There’s a kinetic kick and theatrical flair to Leonard Bernstein’s dance scores that have, rightly, made them beloved by choreographers. Yet the composer suspected that every piece he wrote was “theatre music in some way”, and one of the revelations of the Royal Ballet’s all–Bernstein programme is just how deep the dance impulse lay in the concert scores, as well as in the familiar full-throttled works such as West Side Story and Fancy Free.

The first revelation of the evening is Yugen, Wayne McGregor’s setting of the earthy, ethereal masterpiece Chichester Psalms. Composed in 1965, the score is a startlingly eclectic fusion of Hebrew text, Christian choral tradition and Broadway jazz. While it might seem an unlikely choice for so secular and scientific a choreographer as McGregor, the result is one of the most beautifully achieved dances of his career.

There’s a pure drama of contrasts in the opening moments that remind me of McGregor’s Chroma. Eleven dancers stand silent and silhouetted within the luminous spaces of Edmund de Waal’s set, and the world seems to hold its breath before the first notes of the music blast through it. McGregor’s choreography is expertly musical, seeking out the lyricism of Bernstein’s melodies in long, floating lines, and riding its energies in such cleverly massed configurations that his modest ensemble can look like a tribe.

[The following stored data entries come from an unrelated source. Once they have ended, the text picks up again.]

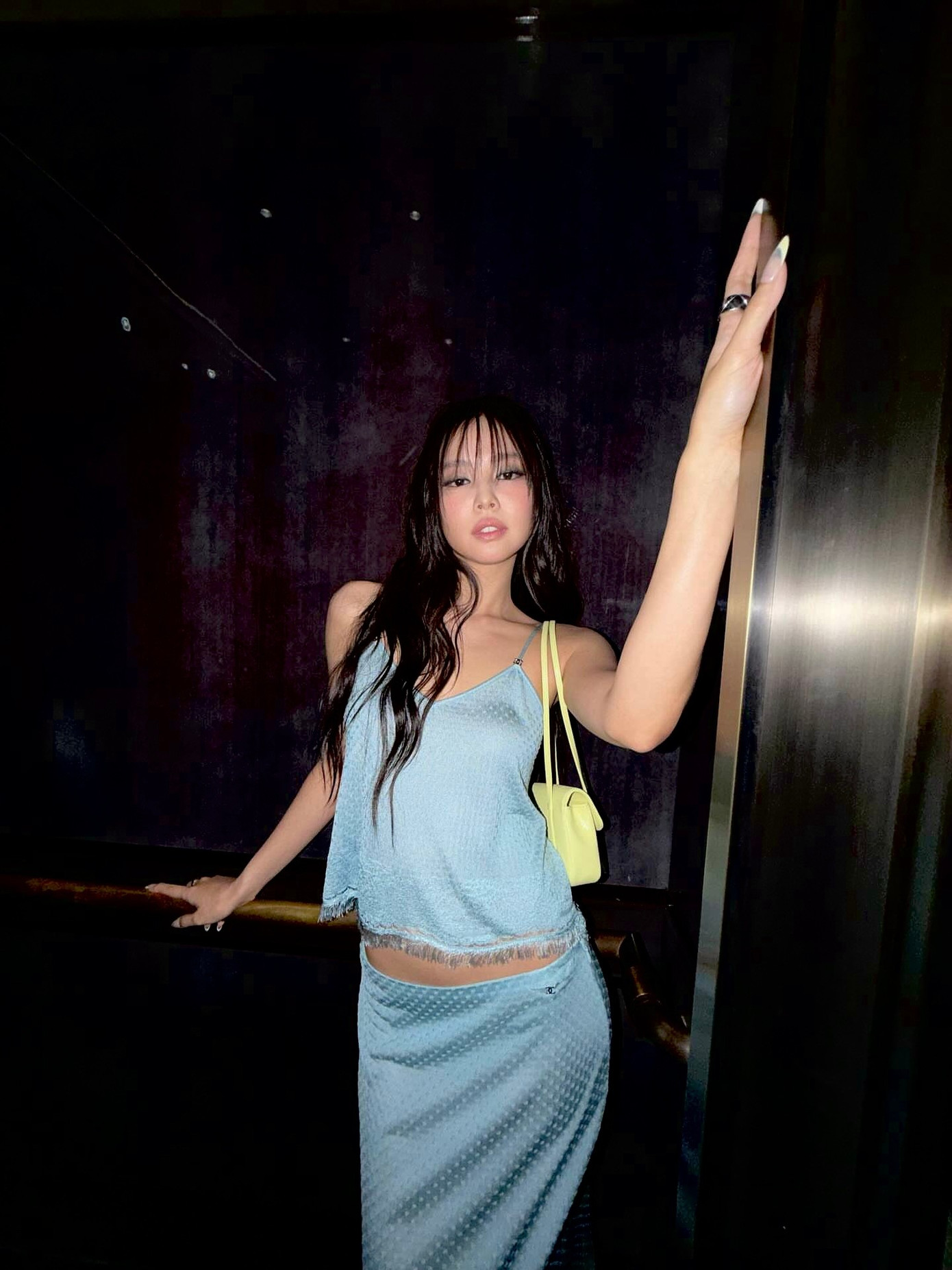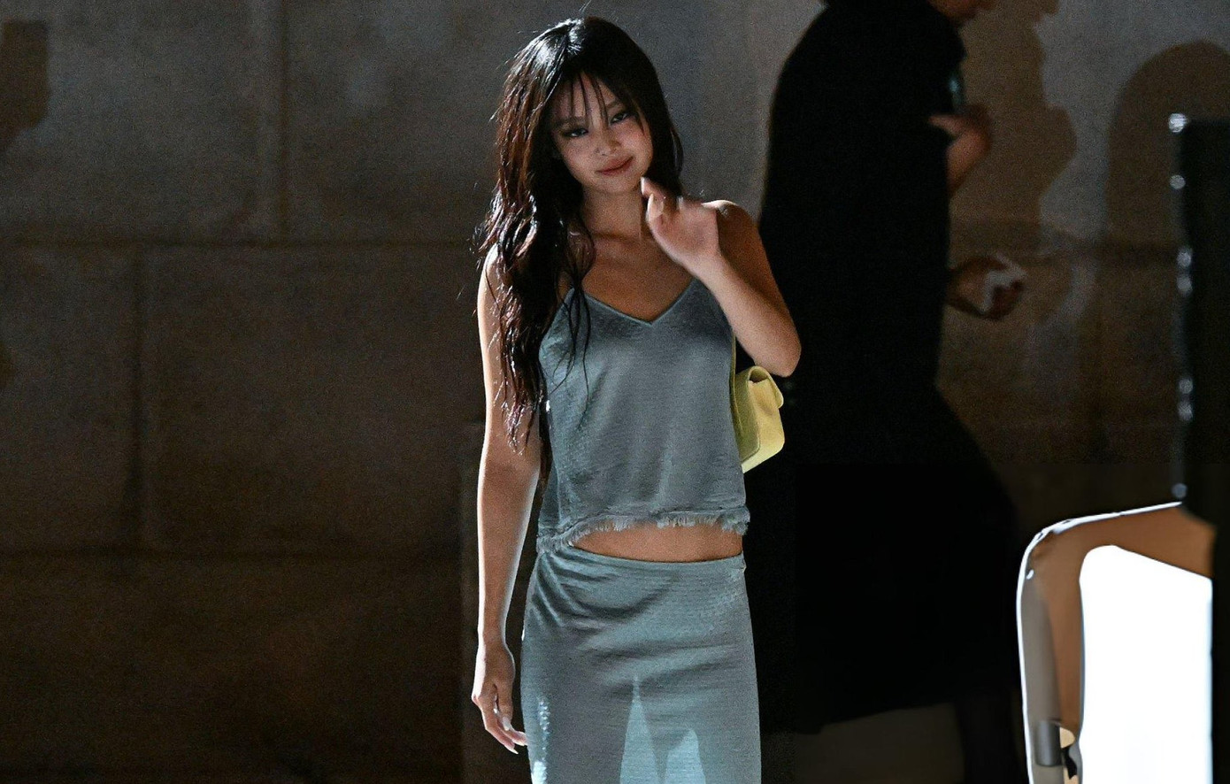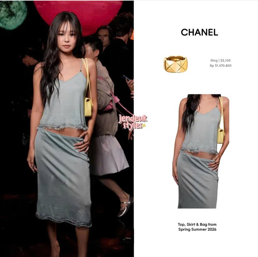 Rạng sáng 7/10 (giờ Việt Nam), chính thức xuất hiện tại tòa Grand Palais, nơi ra mắt bộ sưu tập Xuân Hè 2026 của nhà mốt Pháp. Tại sự kiện, cô diện bộ trang phục màu xanh ngọc gồm áo hai dây và chân váy đồng màu, điểm xuyết túi xách Chanel màu vàng chanh tạo điểm nhấn nổi bật. Thiết kế với chất liệu mỏng nhẹ, xuyên thấu lấy cảm hứng từ nội y, phá vỡ hình ảnh cổ điển truyền thống của Chanel.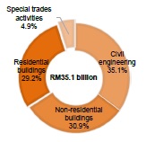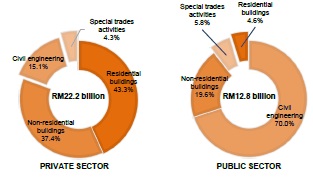 The private sector continued to propelled the construction activity with 63.5 per cent share (RM22.2 billion) as compared to the public sector with 36.5 per cent share (RM12.8 billion) as shown in Chart 6.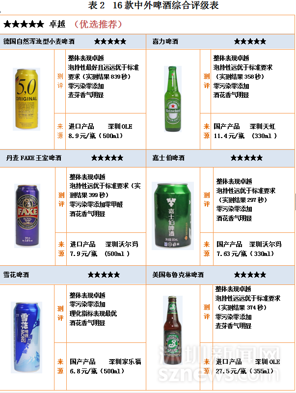 16款中外啤酒中,6款評級五星,國產(chǎn)與進(jìn)口各3款,分別為:德國自然渾濁型小麥啤酒 、喜力啤酒 、丹麥FAXE王室啤酒 、嘉士伯啤酒、 雪花啤酒、美國布魯克林啤酒。獲得四星評級的有6款,國產(chǎn)5款進(jìn)口1款,4款三星評級均為進(jìn)口啤酒。另外,16款中外啤酒均未出現(xiàn)違規(guī)使用添加劑和污染物超標(biāo)情況,均符合國家食品安全標(biāo)準(zhǔn),甲醛含量均優(yōu)于國標(biāo)要求。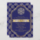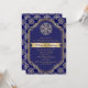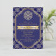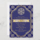Dourado floco de neve azul e armação convite de janto de ensaio personalizado, apresentando uma imagem IMPRESSA de um floco de neve dourado com joias, um quadro azul marinho com contorno dourado, um banner dourado e um padrão com flocos de neve. Este design moderno, elegante e na moda é totalmente personalizável e perfeito para casamentos de Natal de inverno.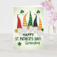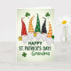 This design shows five gnomes lined up in a friendly row across the card, their long white beards brushing their tunics as they lean slightly toward one another like close companions. Each gnome has a small rosy nose and an extra-tall pointed hat with different patterns—red swirls and dots, orange-and-white stripes, green circles, and black polka dots—set against a soft cream-to-light-green background. Above their heads, several dark green shamrocks float like confetti, adding a festive St. Patrick’s Day touch ☘️. One gnome holds a shiny golden mug while another cradles a little pot of gold, and the way their bodies angle inward gives the group a cozy, affectionate feel. At the far right, a single green balloon rises beside the last gnome, adding a light, airy detail 💚. The beards look textured and fluffy, contrasting with the smoother, stylized hats and simple shapes of their clothes. Centered below the gnomes, the message “HAPPY ST. PATRICK’S DAY! Grandma.” appears in dark emerald-green lettering across the lower area. The shamrocks sit scattered above the procession, while the green balloon hovers near the right edge of the scene.

As the work unfolds we identify Calvin Richardson as its central figure – a wanderer in exile, seeking faith and consolation – with Federico Bonelli and Sarah Lamb as his supporting companions. McGregor expertly conveys emotions as much through the movement’s dynamics as its figurative imagery: the eerie beauty of the lone treble chorister singing Psalm 23 is made touchingly human by the questioning, quivering tension in Richardson’s own solo. When he’s joined by Lamb and Bonelli for Psalm 131 (“Surely I have calmed and quieted myself”), it’s the space between the dancers that speaks as eloquently as their gently interlacing moves. 

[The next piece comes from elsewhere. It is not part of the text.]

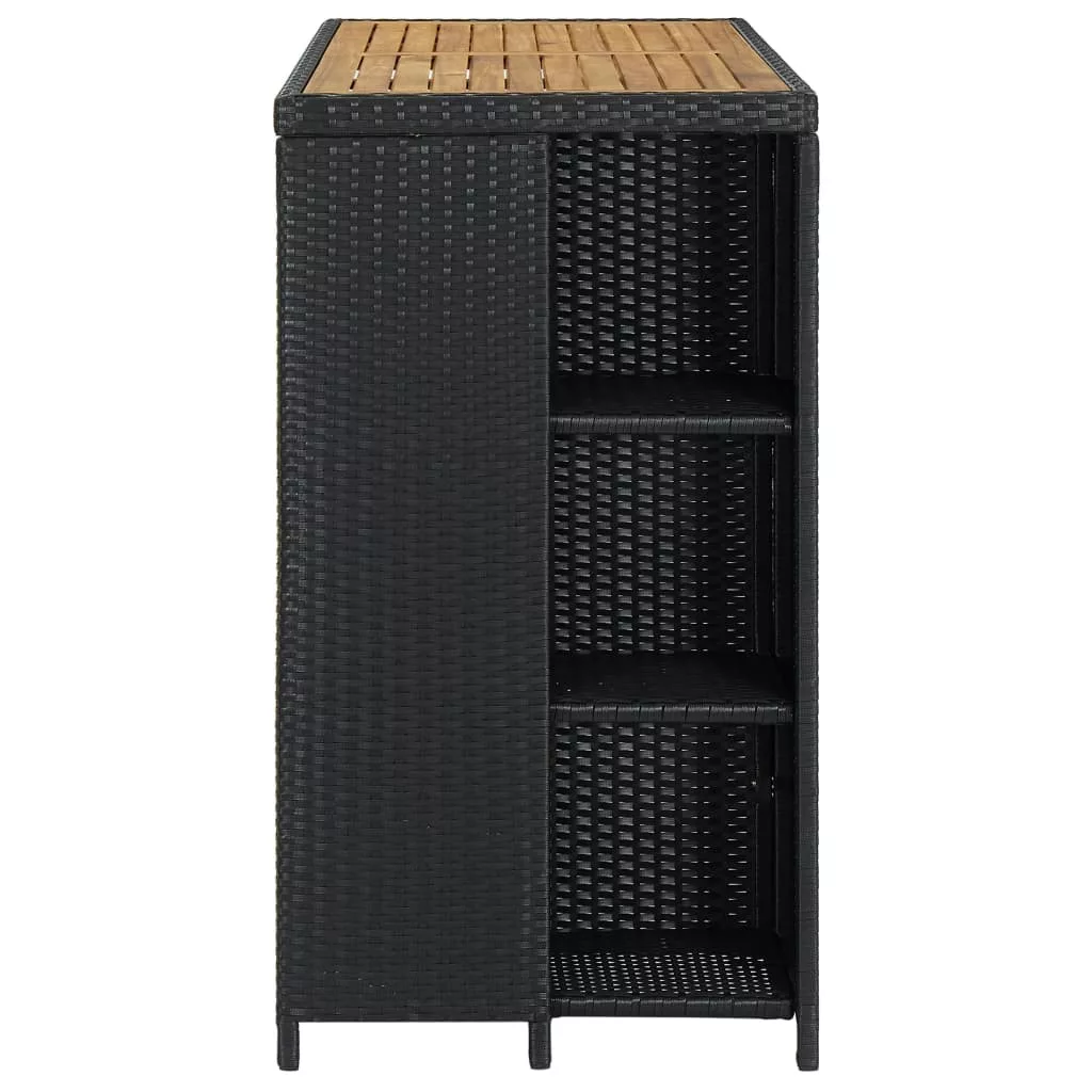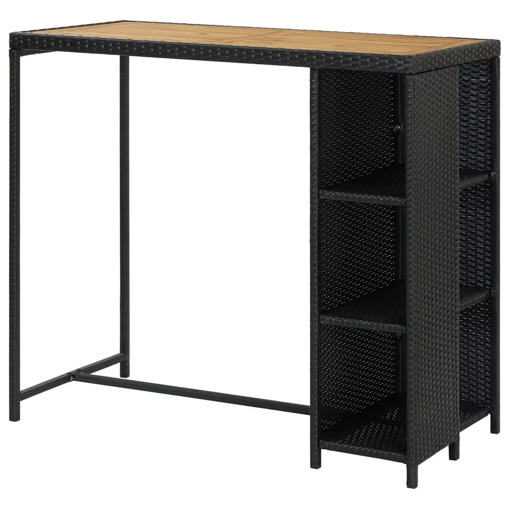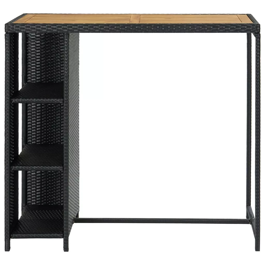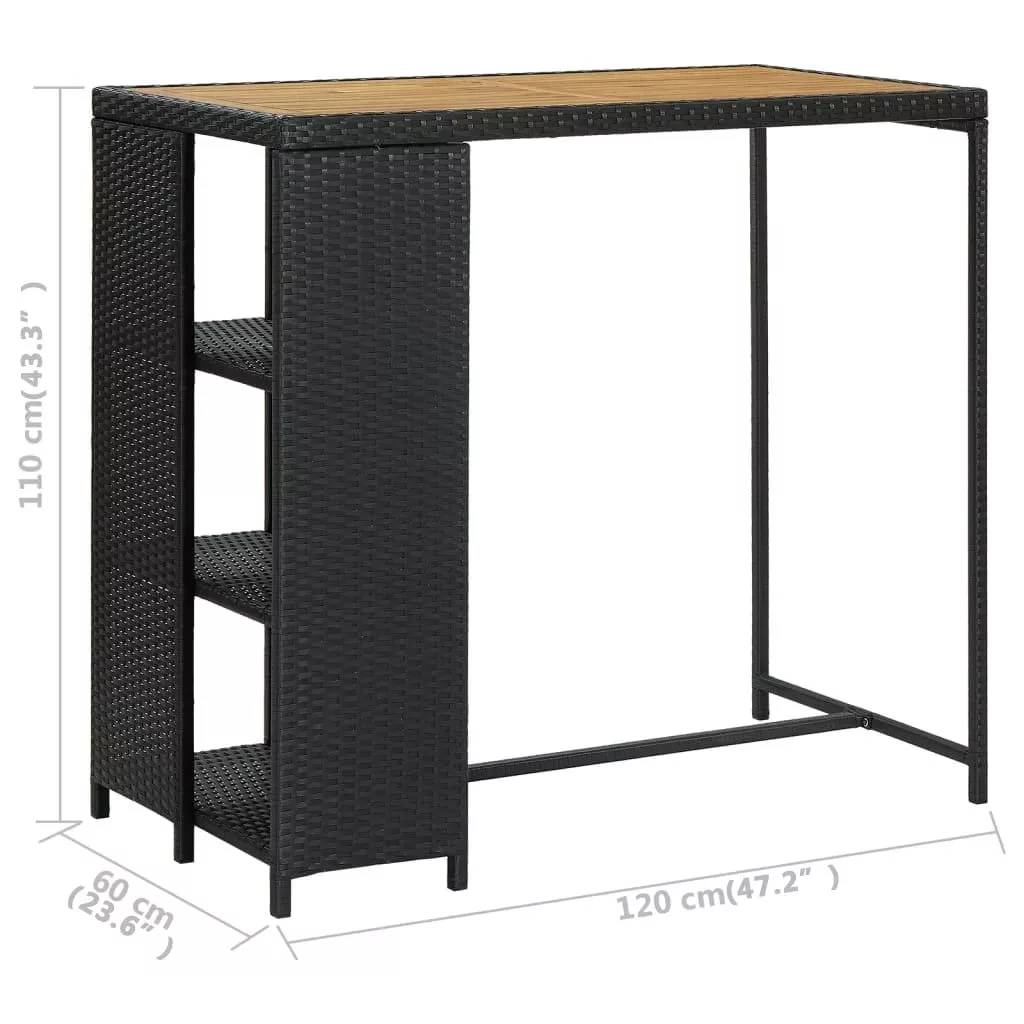 A bisztróasztal PE rattanból készült és fémvázat kapott, így strapabíró és stabil. A masszív asztallap akácfából készült és remekül tárolhatók rajta az italok és a harapnivalók. Az oldalsó tárolópolc 3 szintes és további helyet biztosít holmijai elérhető közelségben történő tárolásához. A könnyű konstrukciónak köszönhetően az étkezőasztal könnyen mozgatható.

There’s a cleverly sustained line of narrative, too, in Corybantic Games, Christopher Wheeldon’s setting of Serenade. But rather than referencing the text that inspired Bernstein’s music – Plato’s Symposium on Love – Wheeldon conjures a more generic classical world of athletes, acolytes and lovers, presided over by Tierney Heap as an Amazonian goddess.

Dressed by fashion designer Erdem in an elegant if slightly fussy fusion of 1950s corsetry and Greek drapery, and framed by the abstract temple architecture of Jean-Marc Puissant’s set, the cast take on the colours and qualities of the music as it moves from the burnished, magisterial first movement to the joyous hurtling virtuosity of Marcelino Sambéand Mayara Magri’s duet to the exquisite drowse of the fourth movement, lit by Peter Mumford to the blue of a Mediterranean twilight. Finally, in a Dionysiac finale, a regally implacable Heap whips the entire cast through a cascade of showstopping, kaleidoscopic configuration.

Like McGregor, Wheeldon is working at the top of his game, and it’s tough for Liam Scarlett that his own contribution, a revival of his 2014 work The Age of Anxiety, comes sandwiched between the two of them. It is beautifully designed and danced but apart from the role of Quant, delicately and touching performed by Bennet Gartside, it feels more like a pastiche than poetry.